Jess, tell us about Lost - sounds intreguing

Anonymous said...

Oh yeah, and the new Dr Who starts in a couple of weeks - with Christopher Eccleston! Yum!

Jess, tell us about Lost - sounds intreguing

Clare said...

Thanks you two! It'll be DVDs for christmas I think. Chloe have a look on Jess' blog for a long post, and intriguing, post on Lost - to save her having to plug it herself :)

Alex said...

"Alex, from you a cutting political interlude is allowed, so don't be put off"Why thank-you. In that case i put in a request here for a free Tibet, a higher minimum wage, the decriminalisation of drugs, full nuclear disarmament, the impeachment of George Bush and an end to smacking children.

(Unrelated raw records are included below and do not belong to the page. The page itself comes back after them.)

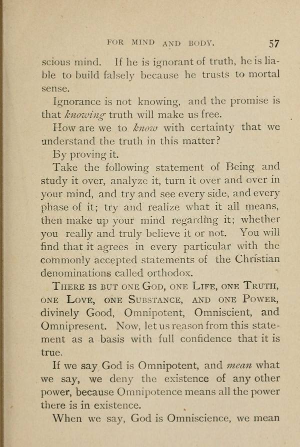 There is but one God, one Life, one Truth, one Love, one Substance, and one Power, divinely Good, Omnipotent, Omniscient, and Omnipresent.
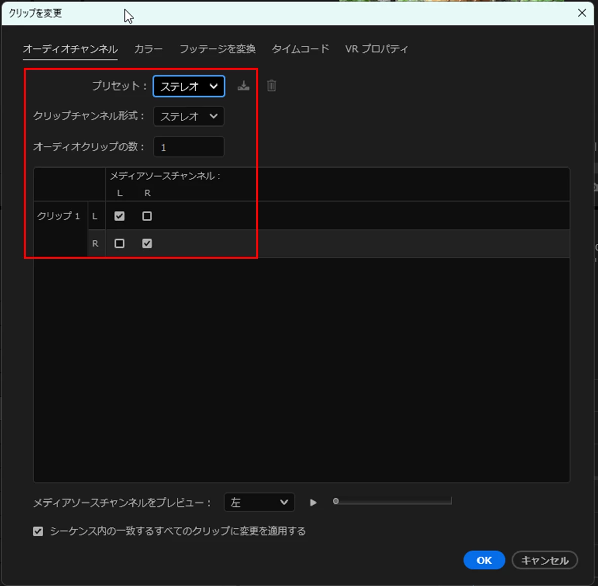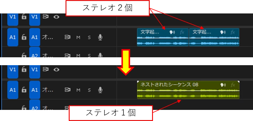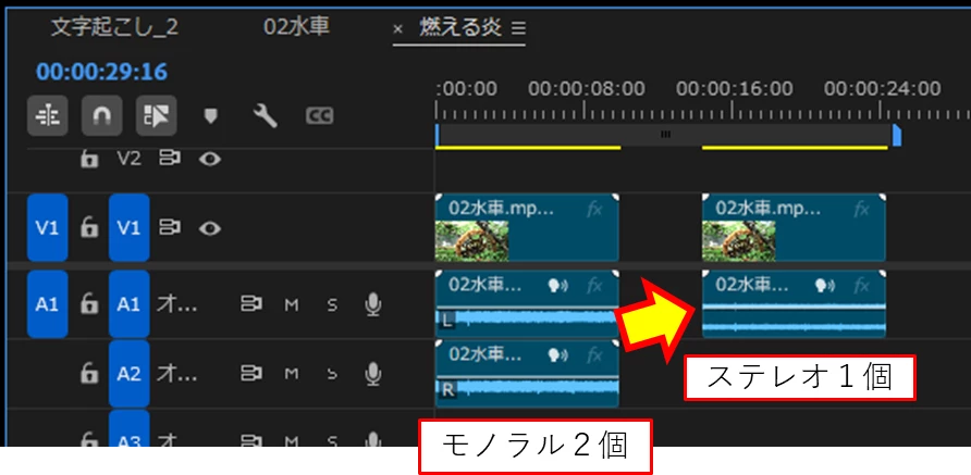 オーディオクリップが2つあるのはステレオだからだと思うのですが、モノラルにしないで2つにまとめる方法はありませんか?タイムラインを広げたいです
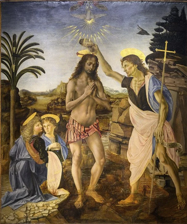 The Baptism of Christ (Verrocchio and Leonardo). Courtesy of Wikipedia.
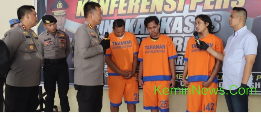SIDOARJO. KemiriNews. Com | Tiga tersangka ASR, AZM dan PA warga Jabon di ringkus Polisi, karena terlibat pengeroyokan seorang pria S asal Candi. Peristiwa terjadi pada 30 Juni 2023 sore di Desa Jemirahan, Jabon, Sidoarjo.
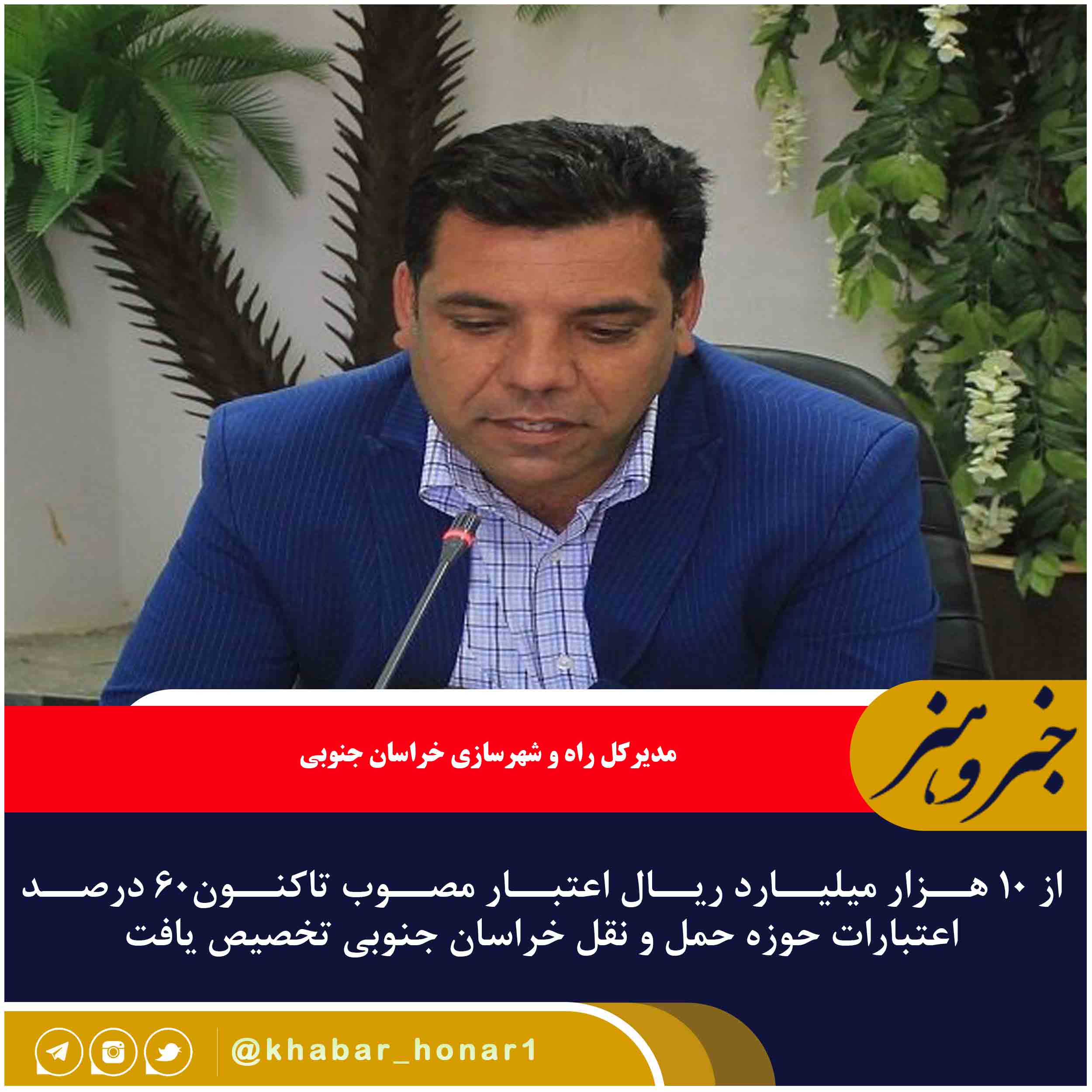 مدیرکل راه و شهرسازی خراسان جنوبی گفت: امسال ۱۰ هزار میلیارد ریال اعتبار برای بخش حمل و نقل استان مصوب شده که تاکنون ۶۰ درصد این اعتبار تخصیص یافته است.
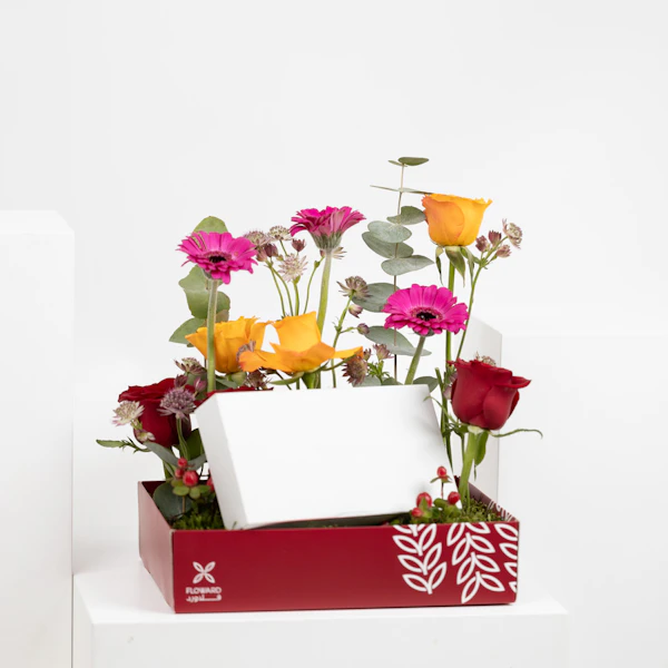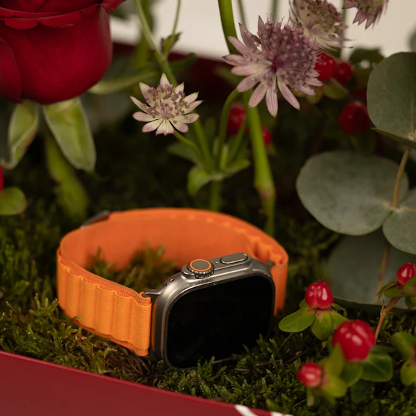 Elevate any celebration with the Apple Watch Ultra 2 GPS + Cellular! With its sleek 49mm titanium case and vibrant orange strap, this timepiece is both stylish and functional. Paired with a stunning floral arrangement featuring a mix of pink gerberas, orange and red roses, pink astrantia, red hypericum, and fresh eucalyptus, all presented in a striking red big hardcover box, this gift is sure to impress. Whether it's a birthday, anniversary, or any special occasion, this combination of cutting-edge technology and exquisite florals is the perfect way to show your appreciation and love.
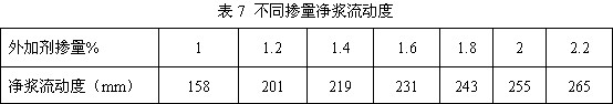 在選定水泥牌號的基礎上,我們對不同比例的膠凝材料用同摻量的SP-8進行了凈漿流動度比較。
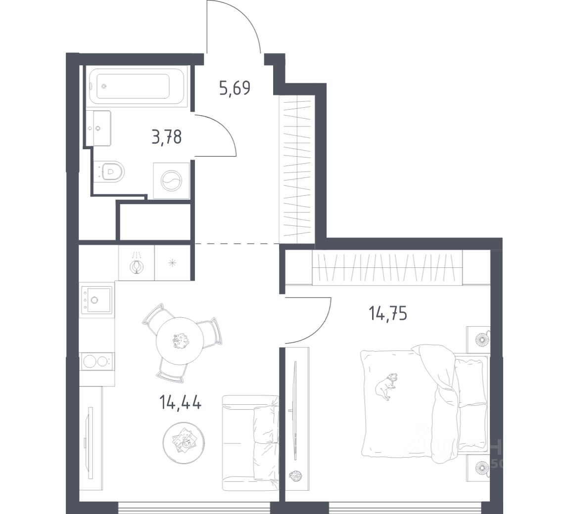 Строим кварталы для жизни с заботой о будущем. Предлагается 1-комнатная квартира бизнес-класса площадью 38,66 кв.м в корпусе 5 на 22-м этаже, в жилом комплексе "Квартал на воде".

And that's just the beginning of my demands...

Television. Aside from the Simpsons and Futurama, which will still be there when you return to your TV set...

Well, at the risk of sounding confessional and sad, i'm quite curious to see how the plot of Desperate Housewives turns out.

Been watching a lot of cop shows recently, largely because i was thinking of writing something about how absurd they are. (There was an article on the BBC's website about how people in the US have been becoming increasingly impatient with police investigations, because they have been led to believe that the police operate with the speed, efficiency and genius of the team at CSI).

The Banned in the UK series on Channel 4 has been quite good. Did you know the BBC banned 67 songs during the First Gulf War including 'Imagine', 'Walk Like an Egyptian' (LOL!) and Lulu's 'Boom Bang-a-Bang'? I love the fact they found Lulu subversive.

As someone said, this censorship was a good thing largely because it revealed the moronic nature of Britain's self-appointed moral guardians.

Alex said...

Actually the best show on TV is Monkey Dust, a third series of which is on the way.

A series of animated sketches about human misery, the marginalised and the emotionally crippled. It's black comedy with a sort of moral purpose (mostly). And the urban nightmare setting reminds me of home (!).

By the way - i think the old comment format here was better... why the change?

Clare said...

Gosh, Alex - that was hardly political at all! Almost gossipy! Desperate Housewives, eh? Wasn't sure I was going to muster an interest in that.

The new comment format is Blogger's own and I brought it in mainly as I knew sooner or later I would forget how to login to Haloscan and lose control over it. So now seemed the time to switch. I agree it's a little more clunky though I think there might be some stuff I can do about that.